Philip Gervasi: So you're getting either completely imaginary links. You're getting maybe indication of a routing loop that doesn't exist. We want to know if there are routing loops, of course, and traceroute is one of the first things that I'll do to look at that and see if the IP addresses basically flip back and forth, back and forth. But ultimately, there might be something in the results that indicates that and it doesn't exist at all. So traceroute, when we're talking about the context of load balancing, specifically flow- based load balancing in particular, is potentially inaccurate. So how do we solve for this? We have Paris Traceroute. And when I say Paris Traceroute, I mean Paris as in the city, P- A- R- I- S. First introduced around I think 2006 is when the first came out and named after the city of Paris because the authors were working in and through several universities in the city of Paris and then in the suburbs just south of Paris. And then some subsequent talks were given in Munich and other cities in Europe to socialize the technology. But ultimately, that's what we're talking about as far as the origin and that time period, so around 2006-2007. Now, how does Paris Traceroute differ from traceroute? How does it solve the problem for us?

Dr. Justin Rohrer: Right. So in the cases where the paths are load balanced... And by the way, we see load balancing in about 65% of all paths on the internet.
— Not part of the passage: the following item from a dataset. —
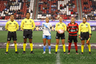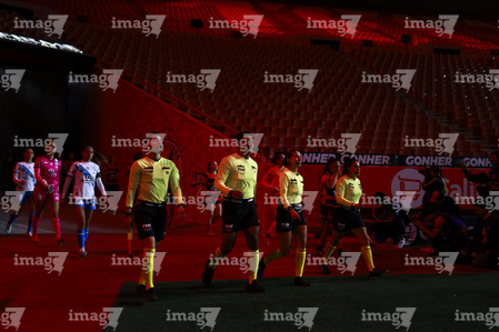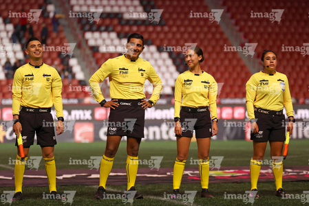 Tijuana, Baja California, 31 de enero de 2026. Árbitros, durante el partido correspondiente a la jornada 6 del torneo Clausura 2026 de la Liga BBVA MX Femenil, entre las Xolas de Tijuana y el Club Puebla, realizado en el estadio Caliente. Foto: Imago7/ David Vega

So it's very prevalent. And of those, about 98% are flow- based. So this is very applicable to the path you actually see in the internet. So basically the goal of Paris Traceroute is to keep the headers consistent across all the probe packets such that they're all treated as part of the same flow. So they got creative in where to put the sequence numbers so that it doesn't change, for example, in UDP it doesn't change the destination port number. It's encoded somewhere else in the header. I'm forgetting off the top of my head. But the key is that it maintains the specific and header fields that are used to define a flow by routers doing flow- based load balancing. Those fields, by the way, are the source and destination IP address, the protocol, and the source and destination port number, and typically it's just using byte offsets and looking at a hash of that. And so certain of the ICMP headers will also get caught up in those byte offsets, and that includes the ICMP header checksum. So you can't change anything in the ICMP header that would change the checksum, otherwise it'll get treated as different flows. So they do some magic to still be able to encode the sequence number, but add other data in the header so that the checksum always comes out the same.
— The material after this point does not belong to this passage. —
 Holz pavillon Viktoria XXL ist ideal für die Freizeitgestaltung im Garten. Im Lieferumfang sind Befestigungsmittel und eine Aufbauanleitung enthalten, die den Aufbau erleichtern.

Philip Gervasi: Okay, I understand. So the real issue here is that traceroute, or at least the packets that traceroute uses and its probes, operate differently on the network than regular application traffic does. So application traffic is going to be load balanced at least by flow by pinning that flow using sequence numbers and checksums and whatever else to particular links and particular paths, whereas traceroute is just sending packet by packet for their probes, and so it's not being pinned to anything. There's no concept of sending everything down the same path for the multiple probes that traceroute is going to use, therein giving us the problem of imaginary links, false links, routing loops that might not even be there, and ultimately the inaccuracy that we get in flow- based load balancing or rather flow- based load balanced networks and trying to use traceroute on them.

Dr. Justin Rohrer: Right. So by keeping all the paths within a given traceroute, or sorry, all the packets within a given traceroute on the same path, then if you see two interfaces to each other, you can reasonably infer that there really is a link there, that they didn't go down different paths along the way. It also solves that problem of having the perceived routing loops. Because if your packets took the longer path, they all took the longer path, and so your responses all come back in a reasonable sequence.
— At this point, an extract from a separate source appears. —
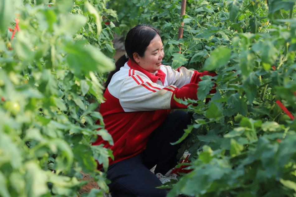 在山丹镇车岸村集体经济产业园的西红柿大棚里,一行行绿意盎然的藤蔓攀架而上,反季节种植的西红柿挂满枝头,果实饱满、色泽鲜亮。村民们正进行疏叶、吊蔓等管护作业。“这一茬西红柿长得特别好,再有半个月就能采摘上市了。”一位正在劳作的村民笑着说道,脸上洋溢着对丰收的期盼。

Philip Gervasi: So what we're doing here is we're keeping our sequence numbers among all of our path probes used by traceroute consistent, so that way that forwarding decisions are made such that all the probes go down the same path, whether that's using sequence numbers, checksum or whatever other mechanisms. But really the underlying technology doesn't really differ that much. I mean, we're still sending out probes to get back time exceeded messages, and really it operates very similar, if not the same as traditional traceroute does. So Paris Traceroute does not really differ that much from traditional traceroute in that sense, does it?

Dr. Justin Rohrer: It does not, and it can still use UDP, TCP, or ICMP. All the tools that I'm aware of support all three of those packet types.

Philip Gervasi: So then if Paris Traceroute gives us all the same information that we get in traditional traceroute, except it solves those inaccuracies that we have on flow- based load- balanced networks, which as you said before is everything on the internet, wouldn't it make sense to just replace traceroute everywhere with this new modern Paris Traceroute and just use that moving forward everywhere that we can?

Dr. Justin Rohrer: You could if you wanted to go to the trouble of installing it everywhere that you want to use it, but I don't think it's necessary. It's more being aware of I'm trying to use this for use case that I might get inaccurate information from traditional traceroute. So really I should go install one of these tools that runs the Paris version and use it in those cases.

Philip Gervasi: Now, when I actually run it and experiment with it, I'm getting multiple responses back. I'm not just getting one particular response per probe or per run. I'm getting multiple results in the output and I'm not exactly sure why. Can you explain what that means?

Dr. Justin Rohrer: So I think you're referring to getting the three different timings per hop. The idea there is that it's just so common for either one of these packets to get lost, especially because ICMP responses have to be handled by the router's CPU typically. They're not a fast path response. And so if that CPU is busy, it may just not respond to a particular packet, or it could just be general congestion or whatever, losing packets on the internet. There's no reliability here for retransmissions. So part of it's for that. It's also the case that when you're looking at latencies and trying to correlate latency to distance, you want the lowest value. You can never beat the speed of light, but your latencies can be highly affected by congestion and buffering on the path. And so if you get three samples back, you can just say, " Well, the lowest one is the closest correlation to distance," and that might be the one that you want.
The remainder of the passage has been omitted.